▶ [Work task]: Restate, word for word and with no pictures, the stretch of lines in the data below that begins at the line with "2 Pair Alligator" and ends at the line with "This beautiful mirror", inclusive.

▶ [Data supplied]:
-=-=-=-=-

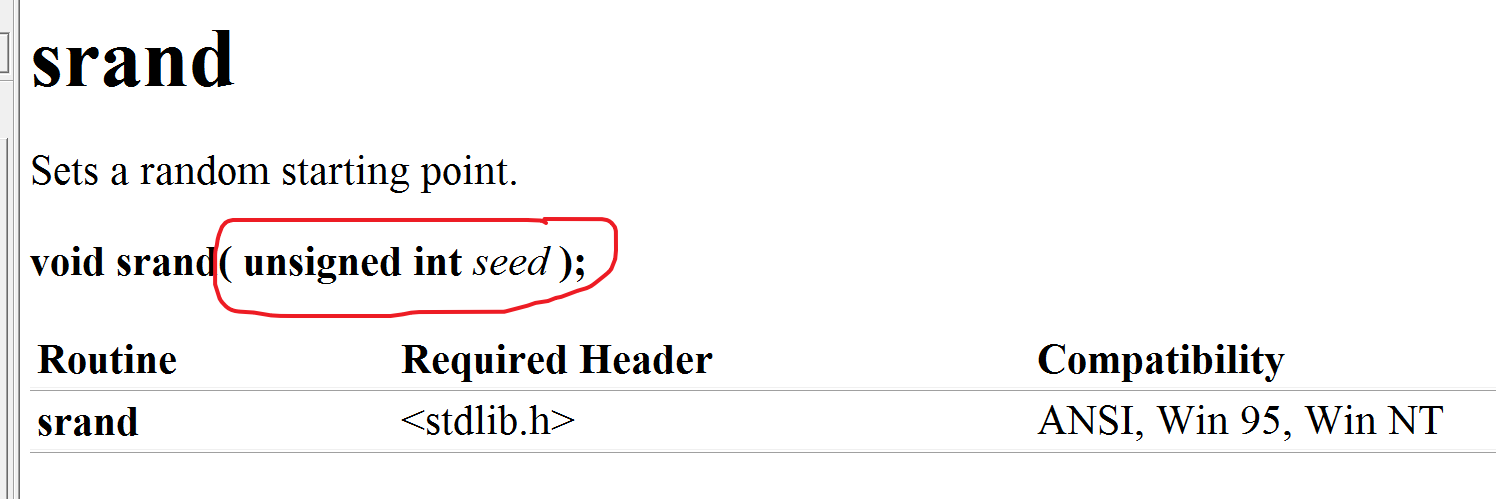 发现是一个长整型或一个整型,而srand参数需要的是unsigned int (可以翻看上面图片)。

-=-=-=-=-

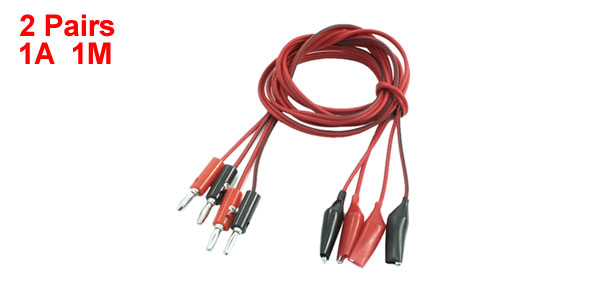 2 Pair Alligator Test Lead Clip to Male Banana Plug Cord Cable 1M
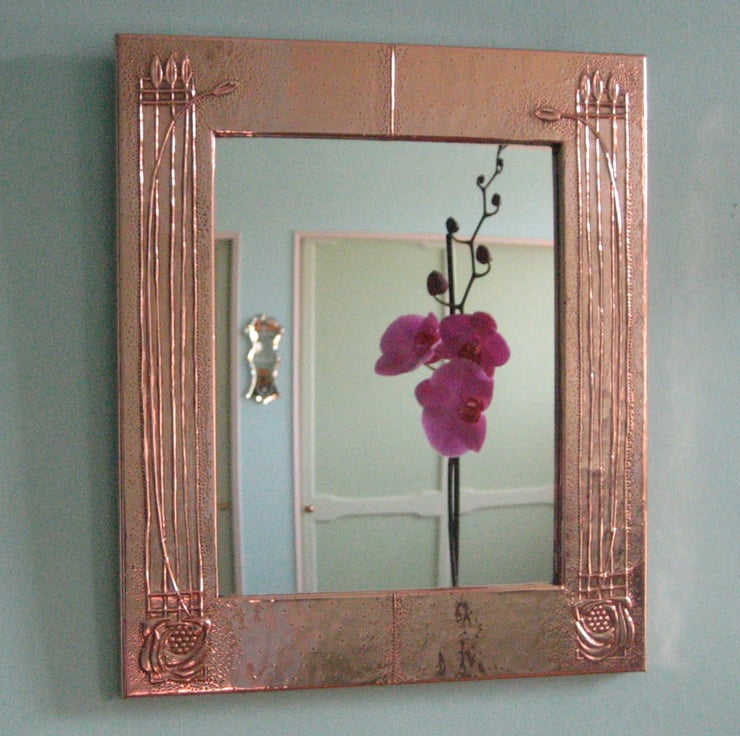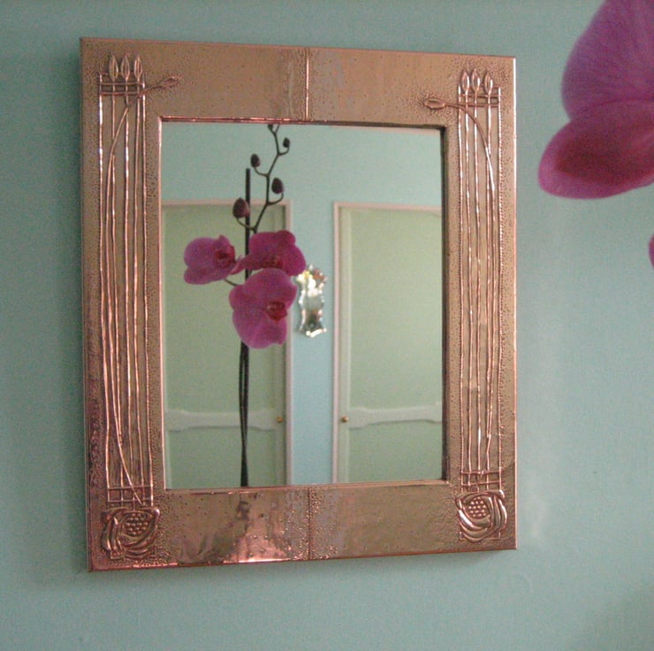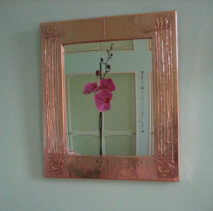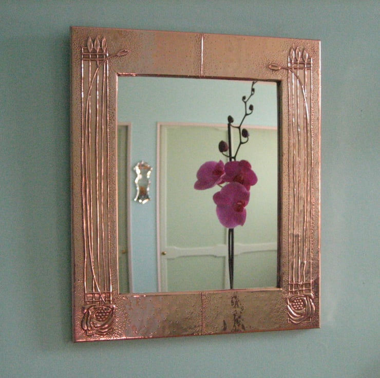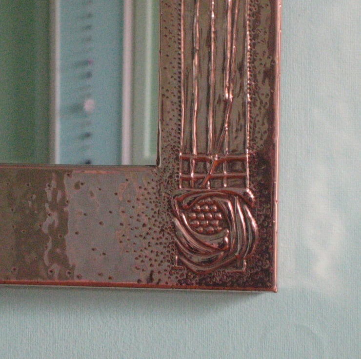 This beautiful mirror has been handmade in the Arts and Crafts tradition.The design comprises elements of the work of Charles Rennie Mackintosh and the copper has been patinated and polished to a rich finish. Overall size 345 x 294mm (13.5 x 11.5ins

-=-=-=-=-

▶ [Response box]:
 2 Pair Alligator Test Lead Clip to Male Banana Plug Cord Cable 1M
 This beautiful mirror has been handmade in the Arts and Crafts tradition.The design comprises elements of the work of Charles Rennie Mackintosh and the copper has been patinated and polished to a rich finish. Overall size 345 x 294mm (13.5 x 11.5ins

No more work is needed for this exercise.